/---

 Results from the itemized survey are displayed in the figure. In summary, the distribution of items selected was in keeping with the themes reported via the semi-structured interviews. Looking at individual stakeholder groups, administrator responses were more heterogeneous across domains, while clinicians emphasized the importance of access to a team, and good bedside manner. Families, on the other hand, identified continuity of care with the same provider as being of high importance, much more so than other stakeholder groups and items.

\---
/---

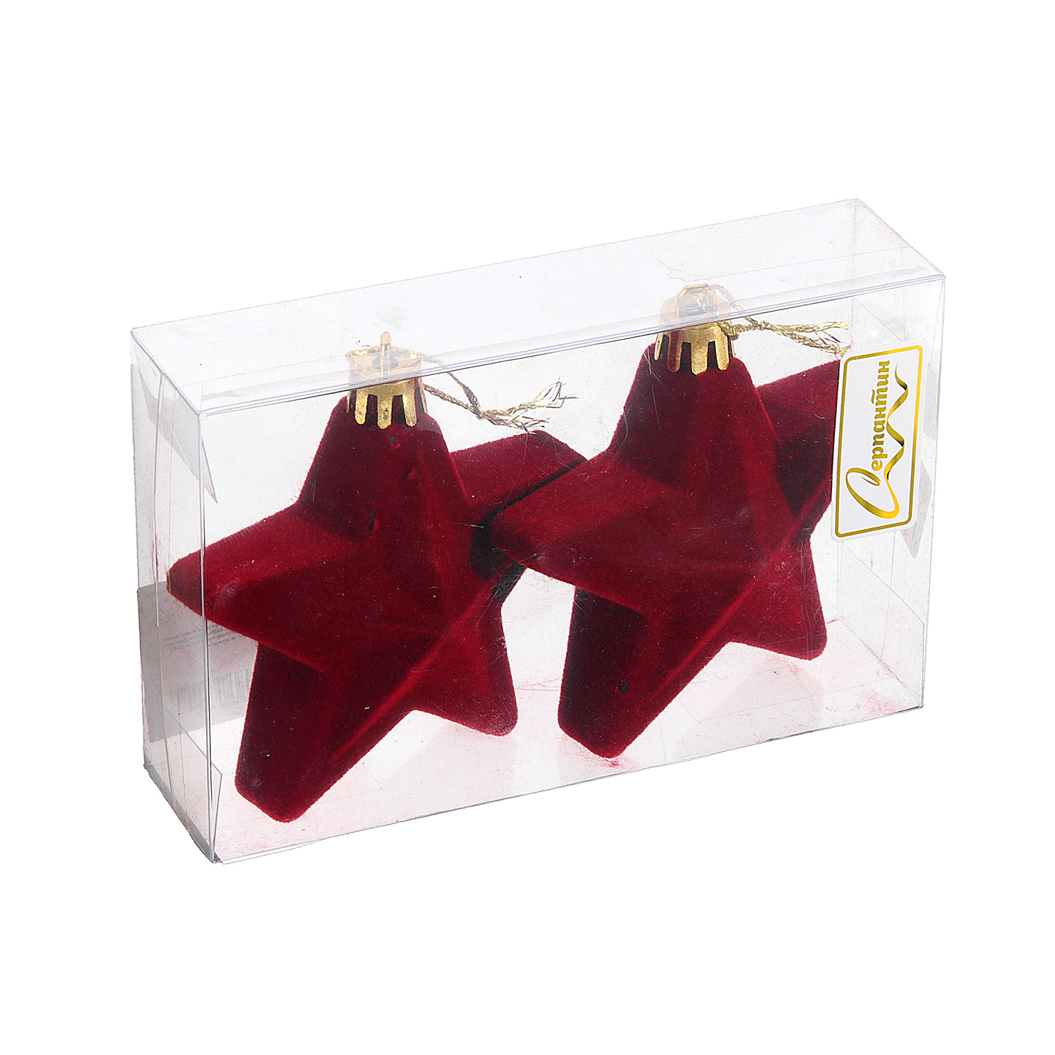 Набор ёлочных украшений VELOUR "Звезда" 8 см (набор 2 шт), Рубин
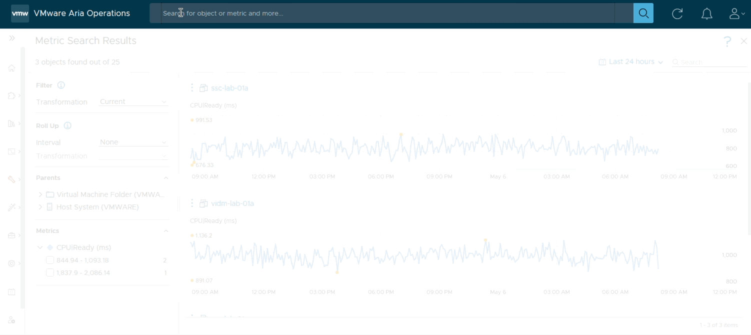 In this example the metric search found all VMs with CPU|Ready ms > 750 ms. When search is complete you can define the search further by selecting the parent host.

\---
/---

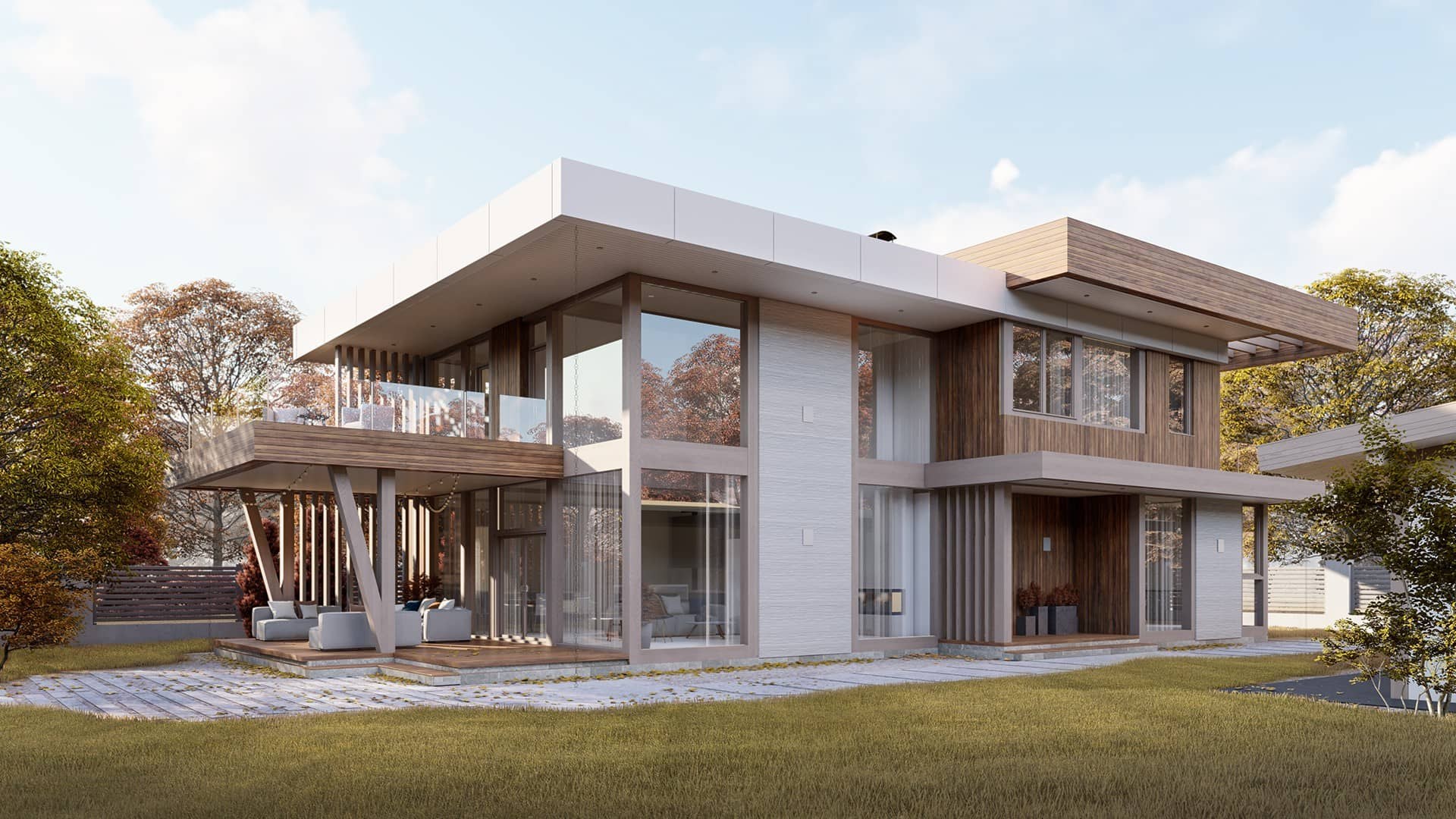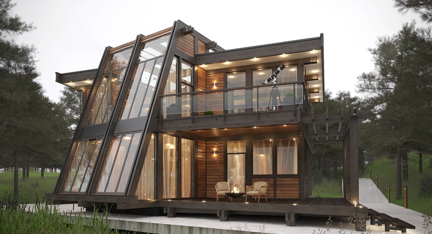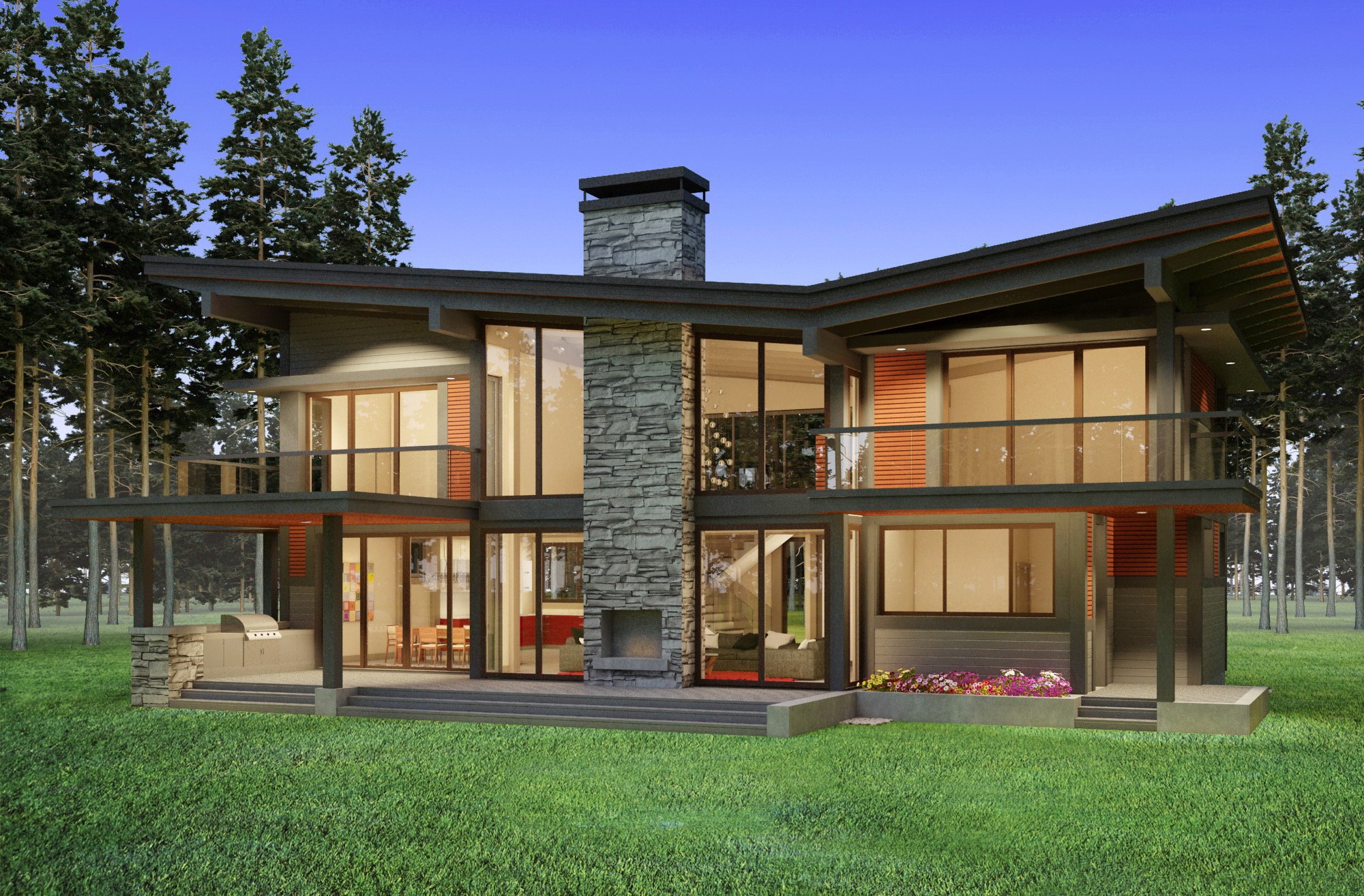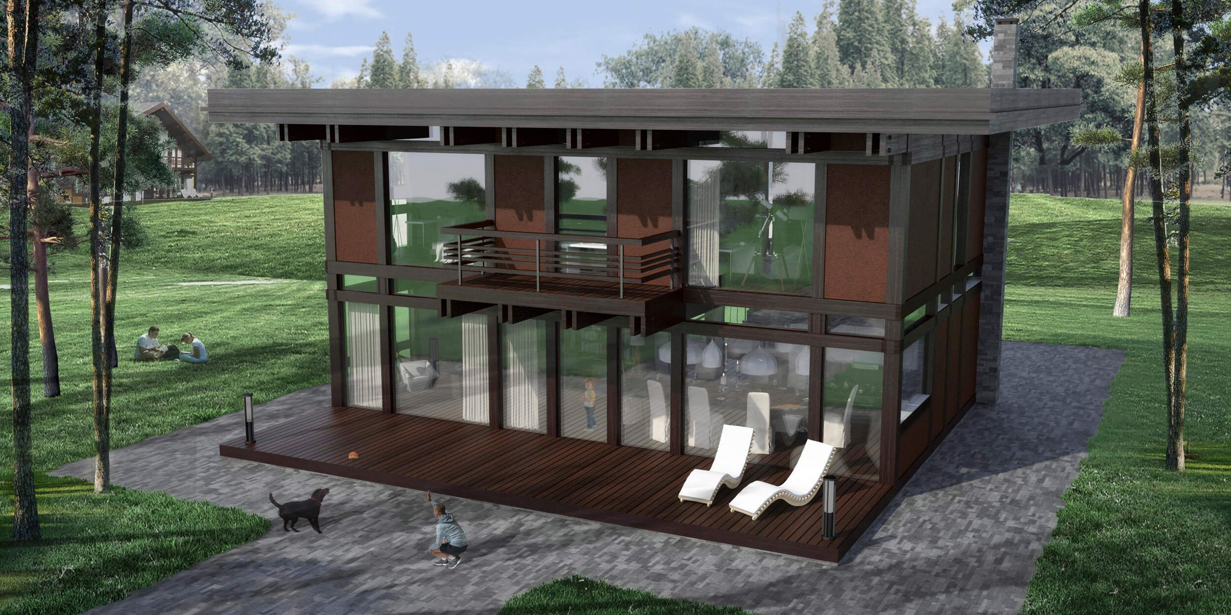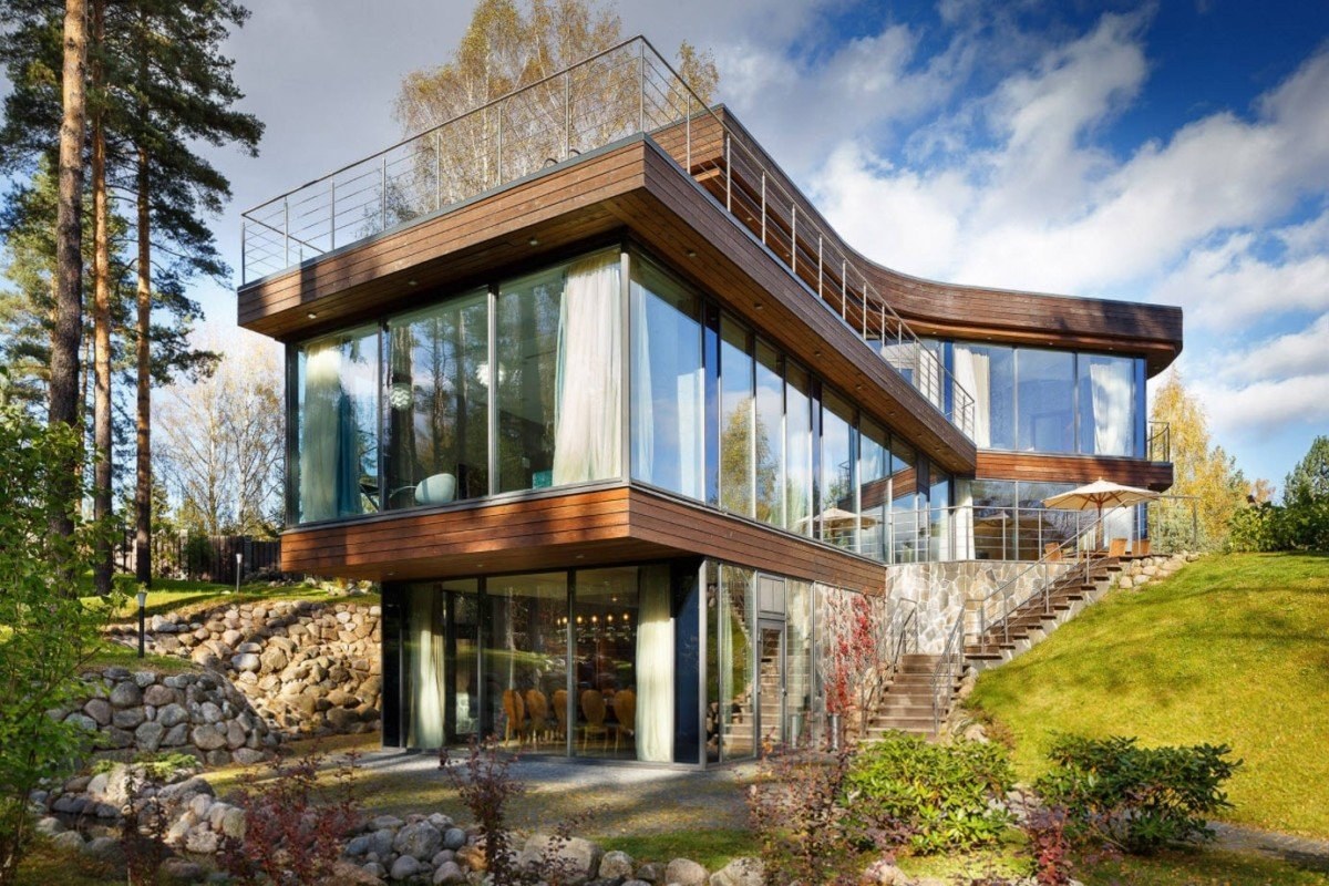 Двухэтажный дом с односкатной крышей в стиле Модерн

\---

## TASK REQUIREMENTS
Although the records hold pictures, the copy must not; give again exactly the lines from the one with "Набор ёлочных украшений" through the one with "In this example".

## OUTPUT FOR THIS EXERCISE
 Набор ёлочных украшений VELOUR "Звезда" 8 см (набор 2 шт), Рубин
 In this example the metric search found all VMs with CPU|Ready ms > 750 ms. When search is complete you can define the search further by selecting the parent host.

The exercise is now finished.